"...sus manos engendrantes se hicieron golondrinas luminosas en cada canción que se le confiaba...''

Se fue tranquilo con la vida, parejito de tonadas, cuecas y valses cuyanos. Los prodigios de su enorme guitarra hacedora han quedado amarrados al mundo de Dios, donde bien están las cosas dignas y ejemplares. 


San Juan debe muchos reconocimientos. Generalmente no se ama y premia del modo que corresponde a quienes nos dan lustre hacia afuera. Y no digo cuando el agraciado con el talento se fue, digo cuando está entre nosotros, regocijante de vida y posibilidades de seguir prestigiándonos.

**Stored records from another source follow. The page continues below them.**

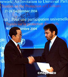 當地時間九月二十二日,中國常駐聯合國代表王光亞(左)在紐約聯合國總部向安南秘書長的代表交存了中國加入《聯合國人員和有關人員安全公約》的加入書。三十天后,該公約將對中國生效。作者:趙海燕
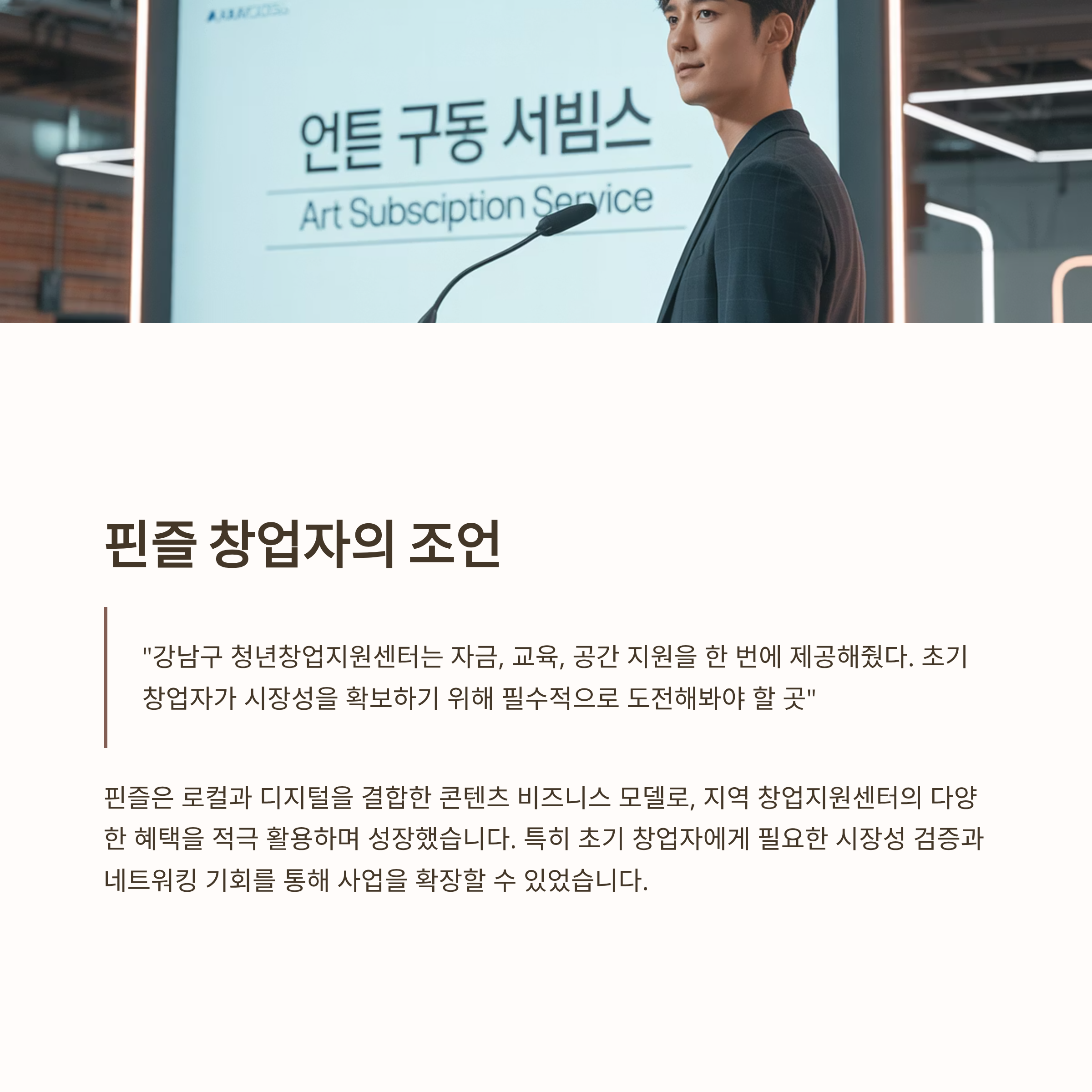 “강남구 청년창업지원센터는 자금, 교육, 공간 지원을 한 번에 제공해줬다. 초기 창업자가 시장성을 확보하기 위해 필수적으로 도전해봐야 할 곳”이라는 창업자의 조언은 깊은 인사이트가 됩니다 (강남구청).
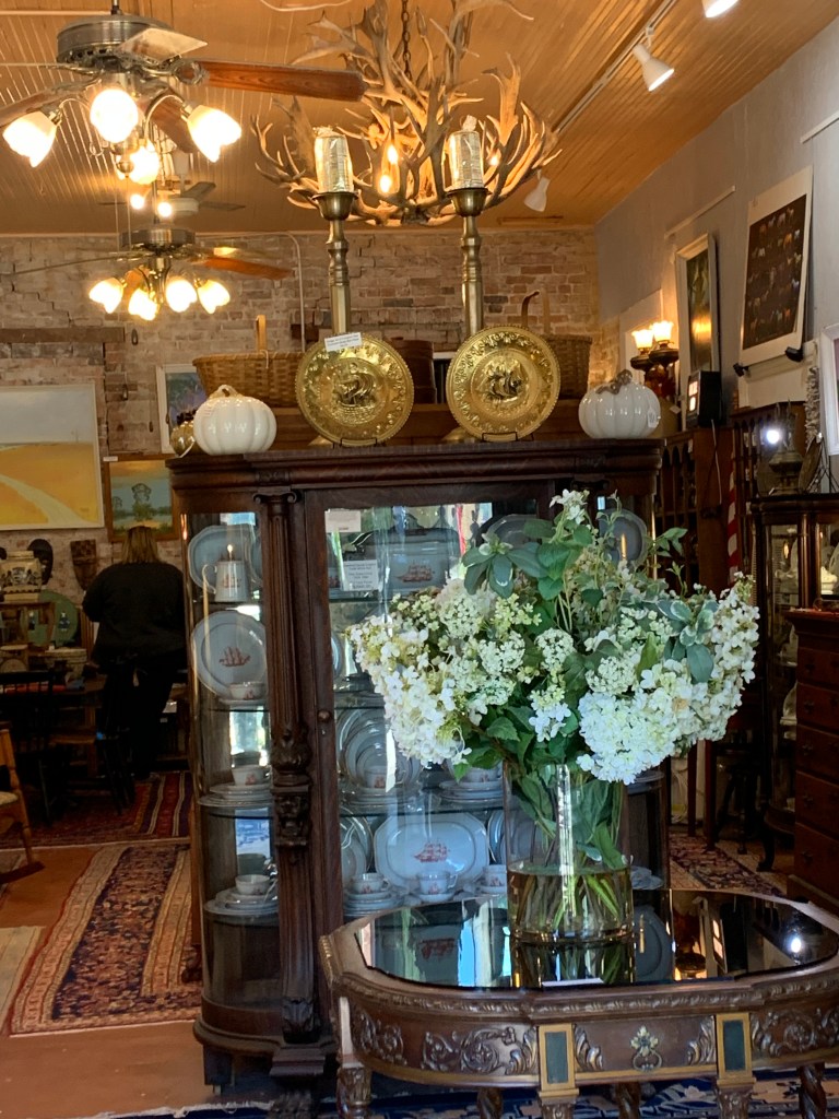 The next shop had a sign in the window asking us to keep the door closed so Jimmy wouldn’t get in. Little did I know, until I asked, that Jimmy was the cat I saw lounging on a lovely antique couch in the back of that same first store.
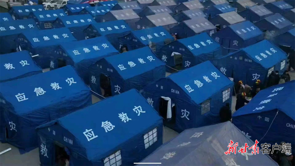 一顶顶救灾帐篷整齐排列。(本文图片均由新甘肃·甘肃日报记者 郁婕摄)
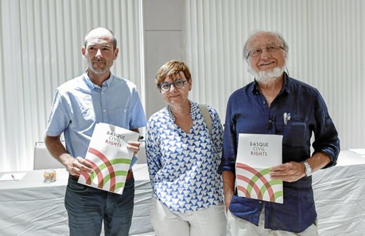 Paul Ríos, excoordinador de Lokarri; Pedro Ibarra, catedrático de Política de la UPV-EHU; y Gemma Zabaleta, exconsejera de Lakua por el PSE, presentaron ayer una dinámica en favor del derecho de Arnaldo Otegi a presentarse como candidato a lehendakari. En Donostia, con numerosa asistencia de medios de comunicación, dieron a conocer la campaña, secundada inicialmente por 127 representantes políticos y sociales de diversos sectores de Euskal Herria e internacionales, entre los que hay gentes muy conocidas y una pluralidad ideológica evidente.
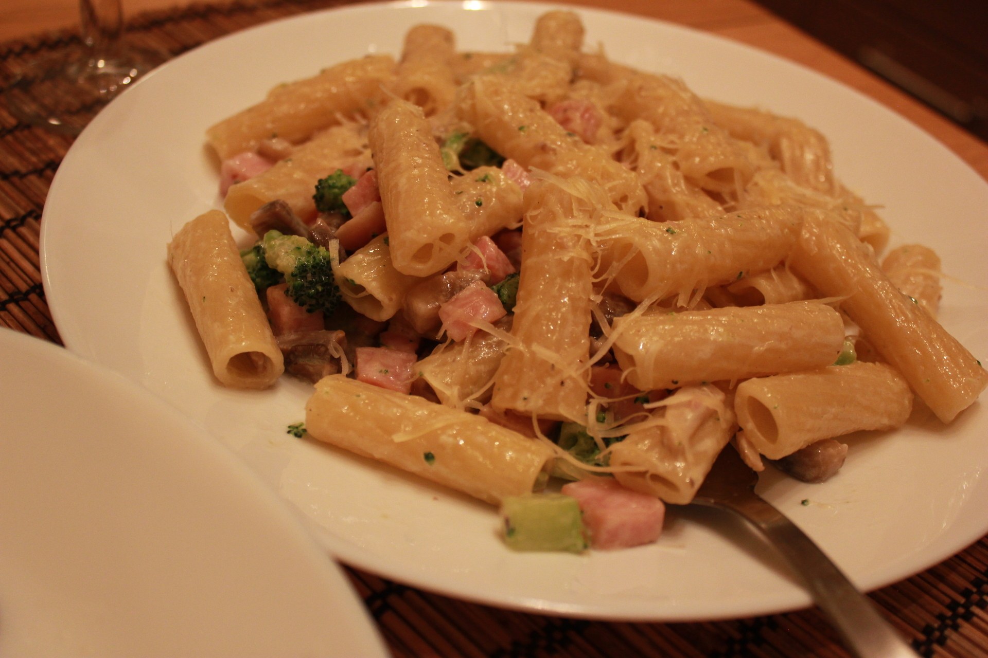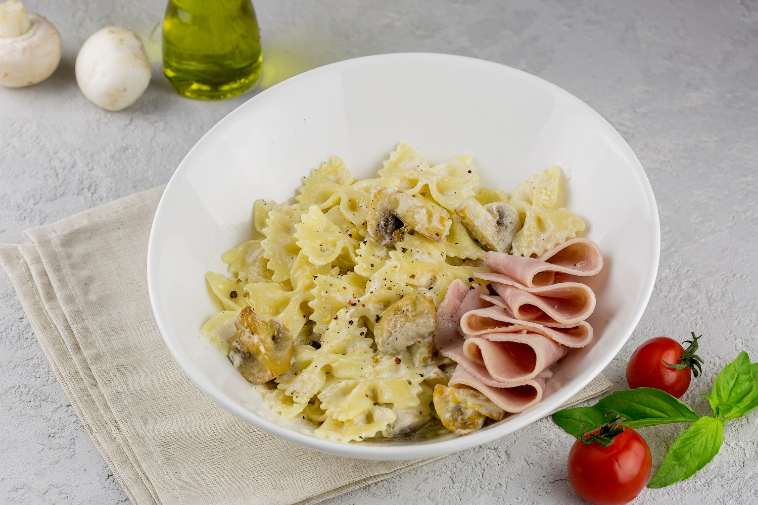 Макароны с ветчиной и грибами в сливочном соусе
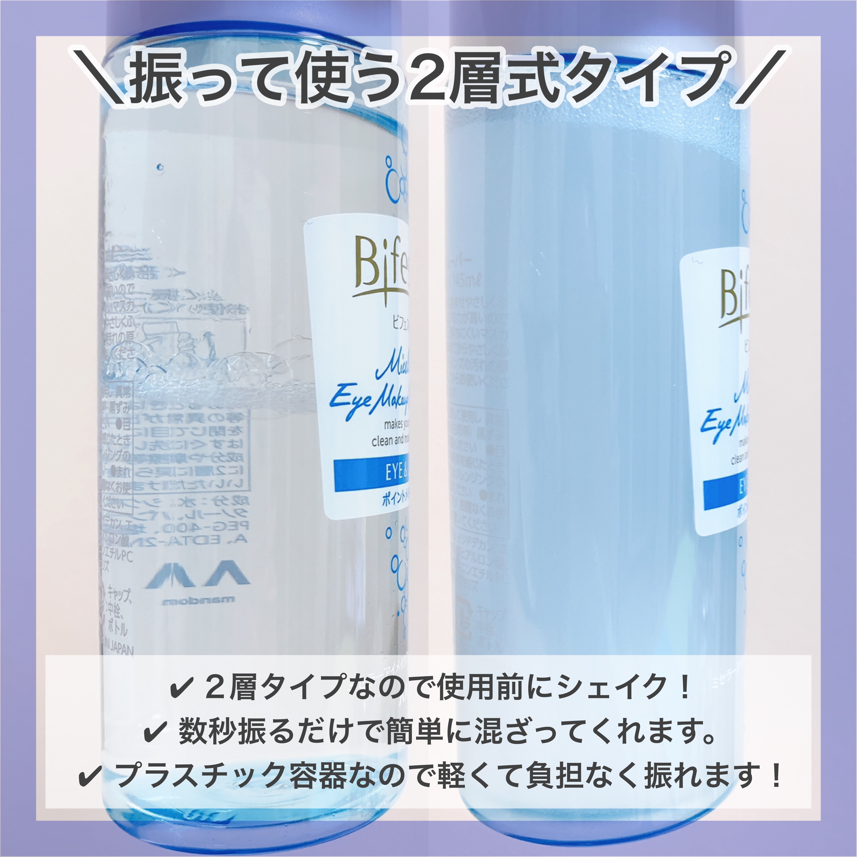 ビフェスタさまのアンケート企画でいただきました🖤 ウォータープルーフもするんと落とす二層式ポイントメイクリムーバー🌷ビフェスタミセラーアイメイクアップリムーバー使い方は、2層式なのでシャカシャカよく振ってからコットンに適量(500円硬貨大)含...
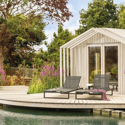 The lounger complements the rest of the Eos collection, featuring a lightweight design with clean lines and smart proportions. Its frame is made from powder-coated aluminium – a premium material that resists weathering and rusting over time – while the seat comprises UV-resistant Textilene fabric that’s finished with discreet wheels and floor glides.
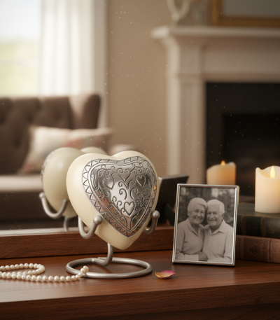 Honor loved ones with our exquisitely crafted heart-shaped metal cremation urn. 3-inch, 50ml, discreet back lid, sturdy metal stand (Gold, Black, Nickel). Premium packaging. For bulk business, contact us for customized solutions, competitive pricing. MOQ: 250pcs. Delivery: 1 month
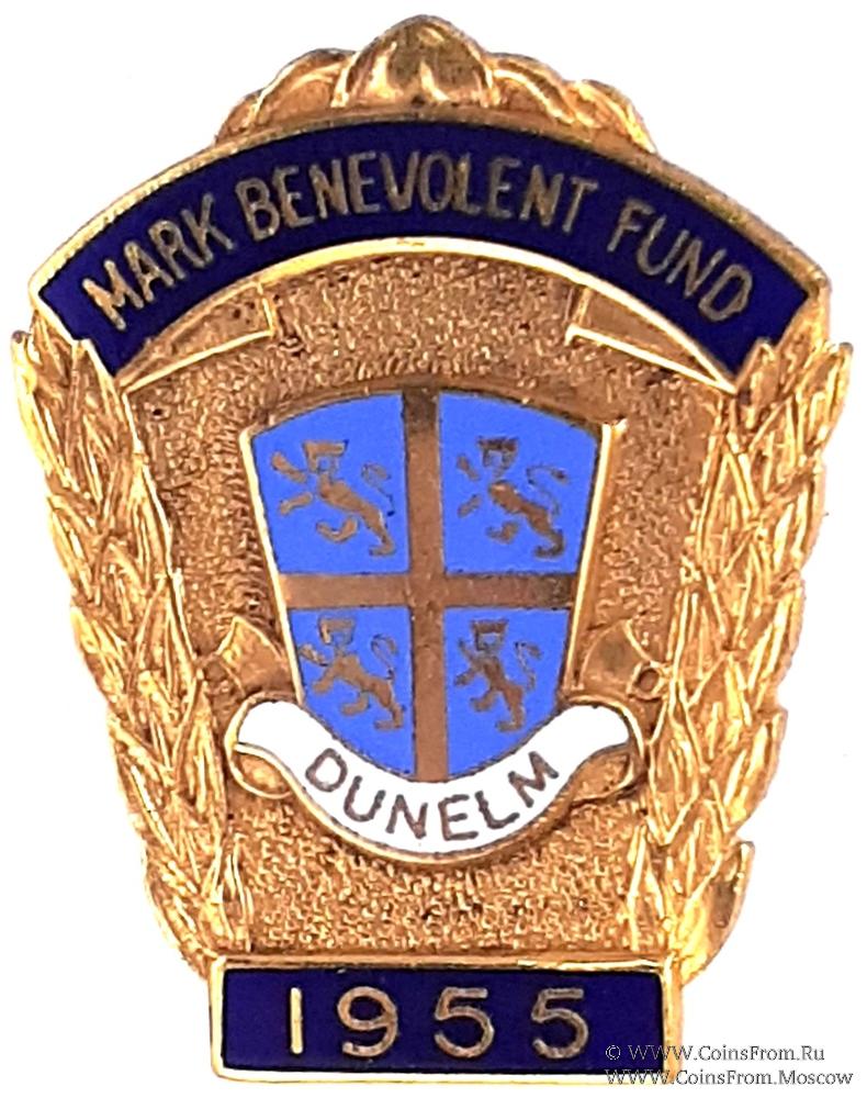 АВЕРС: изображение замкового камня голубой эмали разделённого на четыре части крестом. В каждой из частей изображение льва «на стороже» (геральд.). Ниже на белой ленте надпись Dunelm и ниже дата 1955. С боков венок из колосьев. Вверху знака на синей ленте наименование фонда - Mark Benevolent Fund.
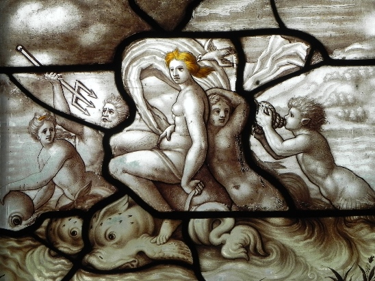 Vitral renascentista de tema mitológico na Galeria de Psiquê, representando personagem de mesmo nome.
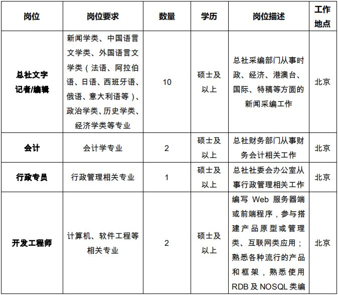 中国新闻社 2018 年校园招聘启事
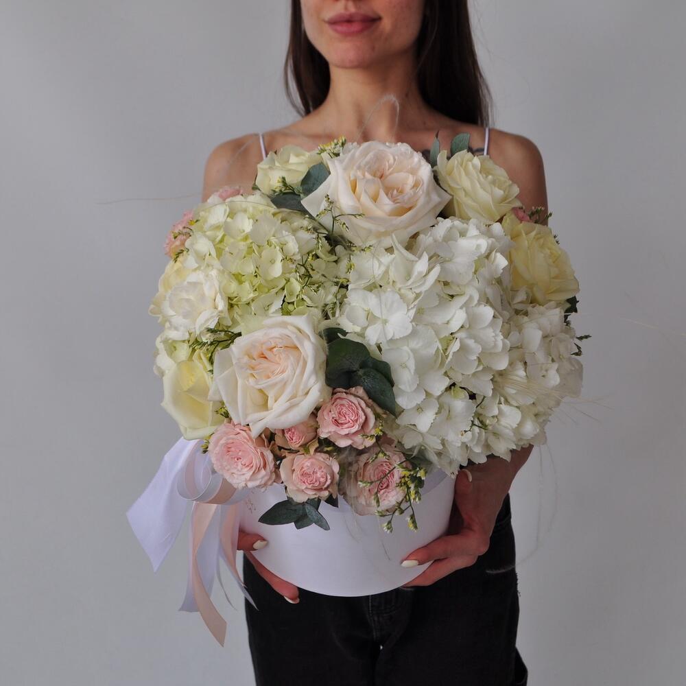 Гортензия и пионовидные розы Охара в большой коробке “Белоснежка”

San Juan muchas veces olvida sus ídolos, sabiendo que lo son y colocándolos a la zaga de los de afuera. Es hora de recomponer el orgullo, de darnos el lugar, de no privarnos del merecimiento, de dar al César lo que es del César.


Se ve en otros lados una especie de reverencia (debido respeto fundamental, digamos) por los comprovincianos que se destacan y que, justamente por eso, honran a su tierra ante el mundo. Hasta hemos sufrido un trato de algún modo preferencial hacia los coterráneos de lugares donde hemos cantado. Todo algún día puede pasar, caer en el balcón de los olvidos, el pasado sin brillo, menos la obra de los artistas. Ellos han engalanado una tela, honrado una danza, construido un poema triunfal, creado una canción que vuela y vuela sin límite por el sentimiento y el mundo; eso los hace invencibles.


Conocimos bien a Enrique Barrera ("Barrerita'', para muchos). Grabamos con él tres discos larga duración en diversos sellos nacionales o internacionales. Brilló con los entrañables Caballeros de la Guitarra, entonces integrados por él, Ernesto Villavicencio y Pedrito Gómez, a los que solía agregarse el guitarrón del gran Pocho Peralta. Su presencia mansa y su bocadillo justo, le servían para que no dudáramos que nos encontrábamos ante un hombre de gran mansedumbre y calidad humana. Y cuando entre sus dedos se le enredaba un ruiseñor, el duende del gran artista le saltaba cadenciosos en arco iris desde su cuyana guitarra.


Este grupo fue único. Fueron dueños de un sonido emparentado con los pájaros de acá, amarrado a innumerables ensoñaciones gestadas en serenatas, centrado en el corazón del mundo. Su magia fue mantenida y respetada a rajatabla por sus sucesivos integrantes, como si fuera imposible integrar el conjunto sin enaltecer su historia; mérito inocultable de todos sus ejecutores. Con el tiempo, se le incorporaron Patricio Álvarez, Ángel Dávila y Avelino Cantos.


Uno siempre acaricia en su pensamiento la ansiedad de saber en qué lugar de su casa quedó la guitarra de quien ha callado, vibrando como atolladero de espíritus, pariendo en silencio infinitas canciones que nadie puede escuchar pero que imaginamos, porque existen. Una guitarra sin ejecutor, sin cantor no es un río que antes fue comparsa y luego ausencia. Tiene demasiada vida adentro y afuera como para rendirse ante la alternativa de la muerte.